I love k8s, but bringing back up a single app that crashed is a very different problem from "our k8s is down" - because if you think your k8s won't go down, you're in for a surprise.
You can view a single k8s also as a single host, which will go down at some point (e.g. a botched upgrade, cloud network partition, or something similar). While much less frequent, also much more difficult to get out of.
Of course, if you have a multi-cloud setup with automatic (and periodically tested!) app migration across clouds, well then... Perhaps that's the answer nowadays.. :)

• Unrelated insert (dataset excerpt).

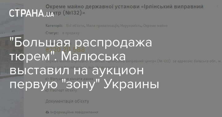 Министр юстиции Украины Денис Малюська объявил о том, что на аукцион выставлена первая украинская тюрьма. Таким учреждением в Украине стал Ирпенский исправительный центр (№132), который находится в поселке Коцюбинское Киевской области.
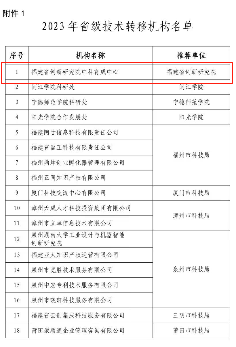 12月13日,福建省科学技术厅公布2023年福建省级技术转移机构名单,福建省创新研究院中科育成中心位列榜首成功入选。

> if you think your k8s won't go down, you're in for a surprise
Kubernetes is a remarkably reliable piece of software. I've administered (large X) number of clusters that often had several years of cluster lifetime, each, everything being upgraded through the relatively frequent Kubernetes release lifecycle. We definitely needed some maintenance windows sometimes, but well, no, Kubernetes didn't unexpectedly crash on us. Maybe I just got lucky, who knows. The closest we ever got was the underlying etcd cluster having heartbeat timeouts due to insufficient hardware, and etcd healed itself when the nodes were reprovisioned.
There's definitely a whole lotta stuff in the Kubernetes ecosystem that isn't nearly as reliable, but that has to be differentiated from Kubernetes itself (and the internal etcd dependency).
> You can view a single k8s also as a single host, which will go down at some point (e.g. a botched upgrade, cloud network partition, or something similar)
The managed Kubernetes services solve the whole "botched upgrade" concern. etcd is designed to tolerate cloud network partitions and recover.
Comparing this to sudden hardware loss on a single-VM app is, quite frankly, insane.
If you start using more esoteric features the reliability of k8s goes down. Guess what happens when you enable the in place vertical pod scaling feature gate?
Because single hosts will always go down. Just a question of when.